Don’t forget to scale your data
Depending on your algorithm, do not forget to start your preprocessing by normalization. As a rule of thumb: * Decision Trees, XGBoost: no scaling * SVM, Logistic Regression, Ridge, Lasso, PCA: Z-score standardization * ANN, KNN: Min-Max scaling or Z-score standardization
ML specific tests
Write ML-specific test
- anchor sample test: the idea is to find extreme samples or feature engineer such constructed cases where the correct label is very clear since the feature values are stereotypical for this class
- batch sample-order invariance test
import torch
class SimpleModel(torch.nn.Module):
def __init__(self):
super(SimpleModel, self).__init__()
self.linear = torch.nn.Linear(10, 1)
def forward(self, x):
return self.linear(x)
def test_model_output_permutation():
# Create a simple model
model = SimpleModel()
# Generate random input data
input_data = torch.randn(2, 10)
# Get the output for the first order
output_first_order = model(input_data)
# Get the output for the second order (permuted)
permuted_input_data = input_data[1:2, :]
permuted_input_data = torch.cat((input_data[0:1, :], permuted_input_data), dim=0)
output_second_order = model(permuted_input_data)
# Check if the outputs are equal
assert torch.allclose(output_first_order, output_second_order), "Output changed with input permutation"
- feature variance test (directional)
import torch
class SimpleModel(torch.nn.Module):
def __init__(self):
super(SimpleModel, self).__init__()
self.linear = torch.nn.Linear(10, 1)
def forward(self, x):
return self.linear(x)
def test_model_output_change():
# Create a simple model
model = SimpleModel()
# Generate random input data
input_data = torch.randn(1, 10)
# Get the initial output
initial_output = model(input_data)
# Modify the input data slightly
modified_input_data = input_data.clone()
modified_input_data[0, 0] += 0.1 # Change one feature
# Get the modified output
modified_output = model(modified_input_data)
# Check if the outputs are different
assert not torch.allclose(initial_output, modified_output), "Output did not change with input modification"
- overfitting on sample test
import torch
class SimpleModel(torch.nn.Module):
def __init__(self):
super(SimpleModel, self).__init__()
self.linear = torch.nn.Linear(10, 1)
def forward(self, x):
return self.linear(x)
def test_model_overfit_single_sample():
# Create a simple model
model = SimpleModel()
# Generate random input data and target
input_data = torch.randn(1, 10)
target = torch.randn(1, 1)
# Define loss function and optimizer
criterion = torch.nn.MSELoss()
optimizer = torch.optim.SGD(model.parameters(), lr=0.01)
# Train the model on the single sample
for _ in range(100):
optimizer.zero_grad()
output = model(input_data)
loss = criterion(output, target)
loss.backward()
optimizer.step()
# Check if the model has overfitted (i.e., the output is close to the target)
final_output = model(input_data)
assert torch.allclose(final_output, target), "Model did not overfit on the single sample"
- overfitting on batch test
Evaluation Phase:
Calibration
Check the calibration of your model on the given data.

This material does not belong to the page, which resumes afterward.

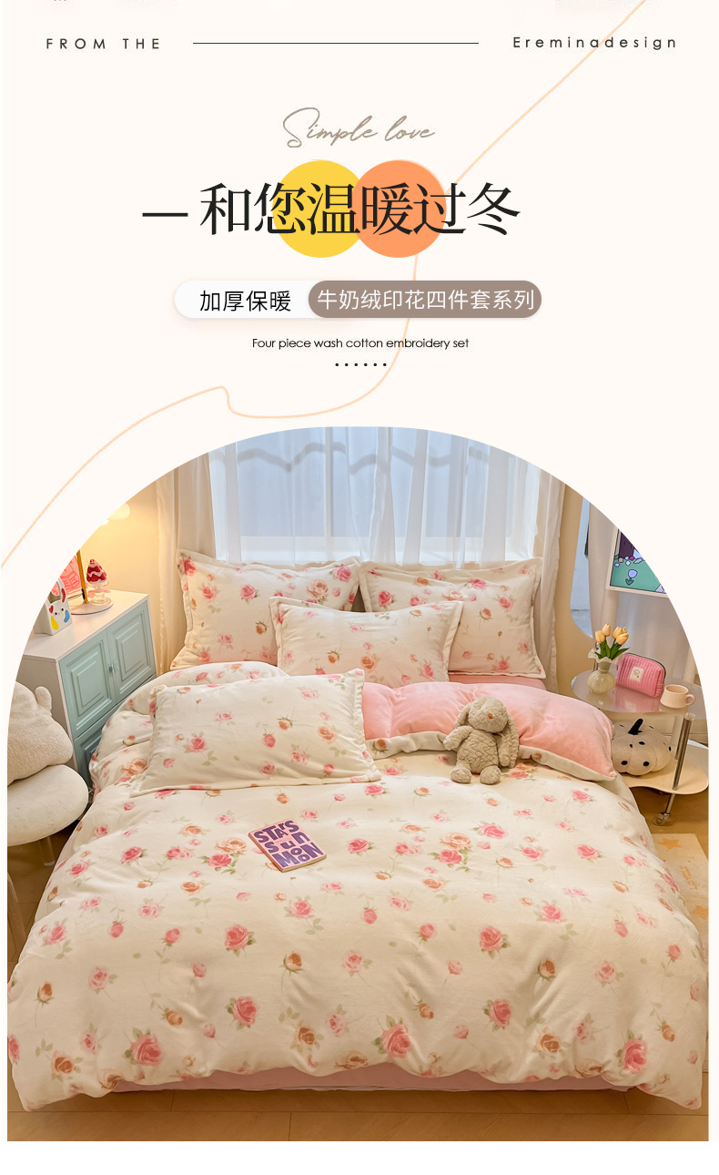 当前位置: 91家纺网 > 商品网购 > 床品套件 > 四件套 > 牛奶绒四件套 > 慕尚家纺 2025新款高克重田园花卉类加厚牛奶绒3.5kg四件套 甜美冬日

If needed, recalibrate your model
Think in upper and lower bounds
Think in upper or lower bounds. If anyone asks you what the minimum performance of your machine learning approach is, write a quick benchmark in three steps: 1. using a classifier that predicts randomly. 2. Then, add a probability prior based on the class distributions. 3. Some AutoML-Estimator (eg. using pycaret)
from pycaret.datasets import get_data
from pycaret.classification import *
data = get_data('diabetes')
s = setup(data, target = 'Class variable', session_id = 123)
best = compare_models()
evaluate_model(best)
Quickly you will get a grasp of your performance floor and ceiling
Deployment Phase:
Monitoring
Monitor the data, the predictions and their drift. Retrain if necessary.

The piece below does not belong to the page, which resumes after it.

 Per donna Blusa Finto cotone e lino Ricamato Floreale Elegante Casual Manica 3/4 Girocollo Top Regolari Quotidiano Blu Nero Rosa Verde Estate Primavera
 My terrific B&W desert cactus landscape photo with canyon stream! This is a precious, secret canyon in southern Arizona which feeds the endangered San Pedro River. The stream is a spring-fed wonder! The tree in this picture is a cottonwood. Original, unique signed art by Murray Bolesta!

Use the pipeline design pattern
Frameworks like Kubeflow Pipelines, Apache Airflow and Kedro exist (and thrive) for a reason. Write pipelines, composed of smaller units/components in order to reuse these smaller units. Make these components hermetic: all used data should be referenced by variables inside the function signature. Otherwise you will have side effects as some global variables may change the flow of your component and you can not identify this dependency by looking at the signature.